* [Activity]: Go to the line holding "Labor Daze! |" in the data below and repeat it exactly, then each line after it up to and including the one holding "De uitgiftetuiten kun". Omit pictures.

* [Records supplied]:

_ _ _ _ _ _ _

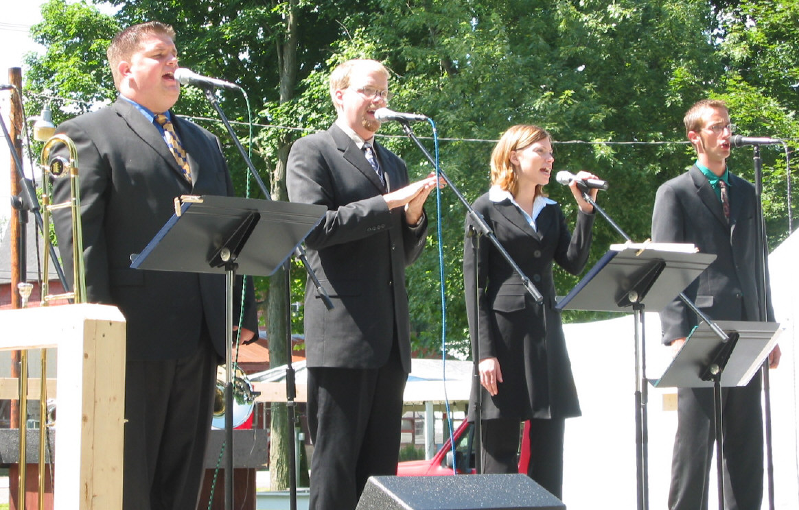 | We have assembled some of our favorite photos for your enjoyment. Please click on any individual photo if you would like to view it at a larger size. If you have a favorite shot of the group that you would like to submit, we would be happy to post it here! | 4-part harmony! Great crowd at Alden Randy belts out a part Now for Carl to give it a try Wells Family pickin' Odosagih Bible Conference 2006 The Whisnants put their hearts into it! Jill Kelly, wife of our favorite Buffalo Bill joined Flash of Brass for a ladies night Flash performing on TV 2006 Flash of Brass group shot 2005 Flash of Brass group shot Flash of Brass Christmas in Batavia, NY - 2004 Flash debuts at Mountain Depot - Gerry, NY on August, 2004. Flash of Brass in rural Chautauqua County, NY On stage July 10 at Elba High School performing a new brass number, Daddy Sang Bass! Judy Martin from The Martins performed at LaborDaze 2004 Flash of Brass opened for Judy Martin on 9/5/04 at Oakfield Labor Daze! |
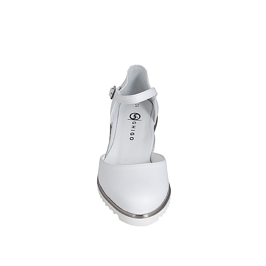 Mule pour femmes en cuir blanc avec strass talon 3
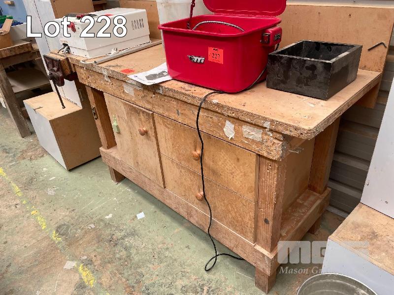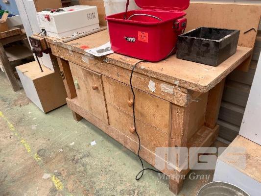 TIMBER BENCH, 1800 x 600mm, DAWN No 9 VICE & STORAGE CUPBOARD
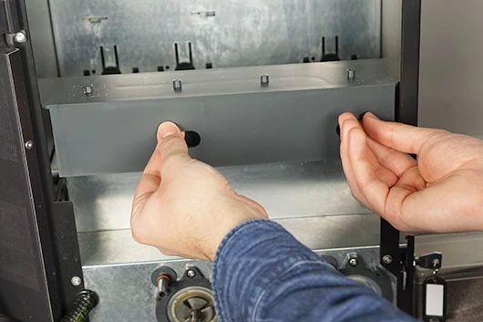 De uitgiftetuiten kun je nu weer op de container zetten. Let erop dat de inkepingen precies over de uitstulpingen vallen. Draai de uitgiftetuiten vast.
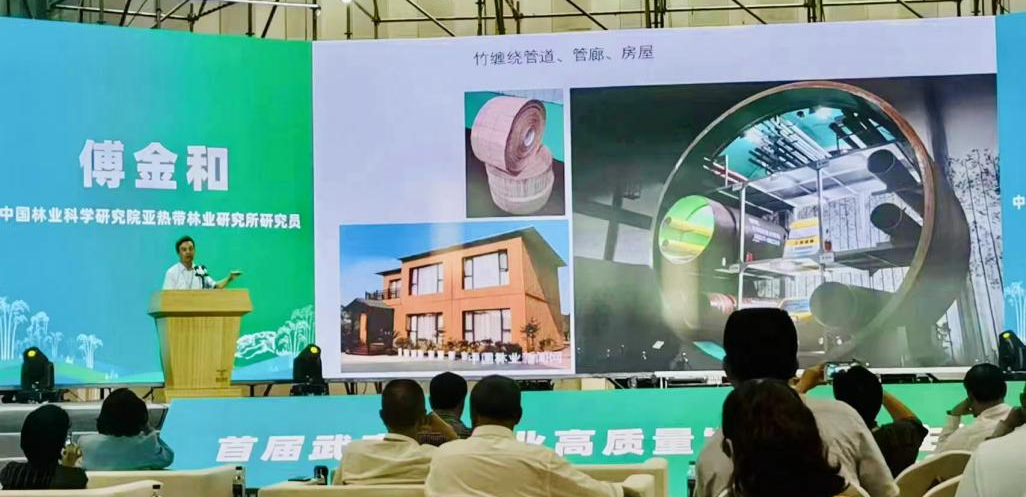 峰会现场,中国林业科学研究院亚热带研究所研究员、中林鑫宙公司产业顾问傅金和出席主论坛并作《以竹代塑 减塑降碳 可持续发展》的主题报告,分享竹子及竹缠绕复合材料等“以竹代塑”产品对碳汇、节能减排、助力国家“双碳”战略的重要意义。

_ _ _ _ _ _ _

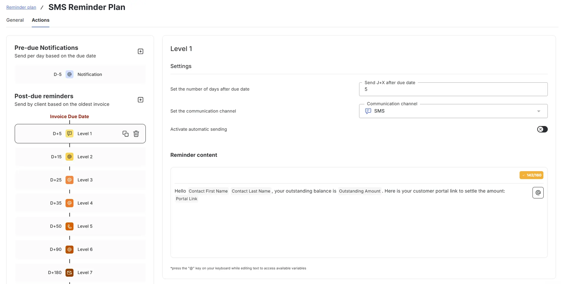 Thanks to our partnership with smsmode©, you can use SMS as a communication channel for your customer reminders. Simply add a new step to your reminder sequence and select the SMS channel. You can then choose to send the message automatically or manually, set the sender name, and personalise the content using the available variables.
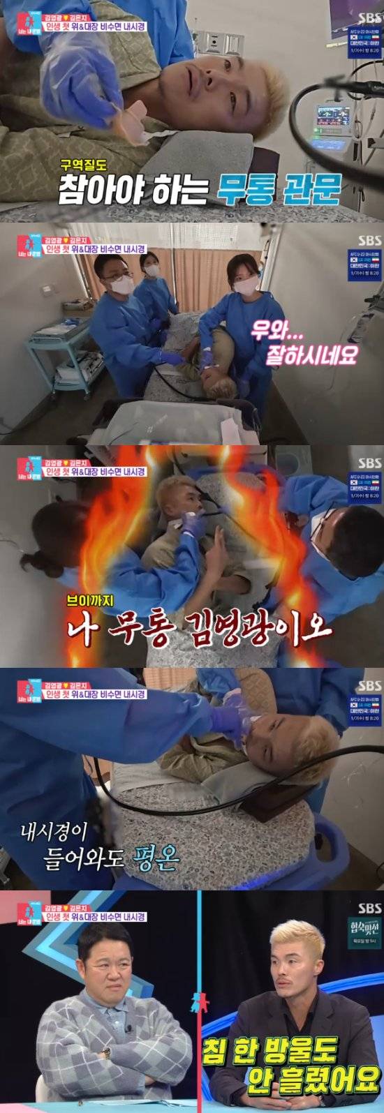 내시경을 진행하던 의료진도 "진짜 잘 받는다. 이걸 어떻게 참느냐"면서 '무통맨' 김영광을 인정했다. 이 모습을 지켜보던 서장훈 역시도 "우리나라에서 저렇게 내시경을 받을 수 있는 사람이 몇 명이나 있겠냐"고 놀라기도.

_ _ _ _ _ _ _

* [Result of this exercise]:
 | We have assembled some of our favorite photos for your enjoyment. Please click on any individual photo if you would like to view it at a larger size. If you have a favorite shot of the group that you would like to submit, we would be happy to post it here! | 4-part harmony! Great crowd at Alden Randy belts out a part Now for Carl to give it a try Wells Family pickin' Odosagih Bible Conference 2006 The Whisnants put their hearts into it! Jill Kelly, wife of our favorite Buffalo Bill joined Flash of Brass for a ladies night Flash performing on TV 2006 Flash of Brass group shot 2005 Flash of Brass group shot Flash of Brass Christmas in Batavia, NY - 2004 Flash debuts at Mountain Depot - Gerry, NY on August, 2004. Flash of Brass in rural Chautauqua County, NY On stage July 10 at Elba High School performing a new brass number, Daddy Sang Bass! Judy Martin from The Martins performed at LaborDaze 2004 Flash of Brass opened for Judy Martin on 9/5/04 at Oakfield Labor Daze! |
 Mule pour femmes en cuir blanc avec strass talon 3
 TIMBER BENCH, 1800 x 600mm, DAWN No 9 VICE & STORAGE CUPBOARD
 De uitgiftetuiten kun je nu weer op de container zetten. Let erop dat de inkepingen precies over de uitstulpingen vallen. Draai de uitgiftetuiten vast.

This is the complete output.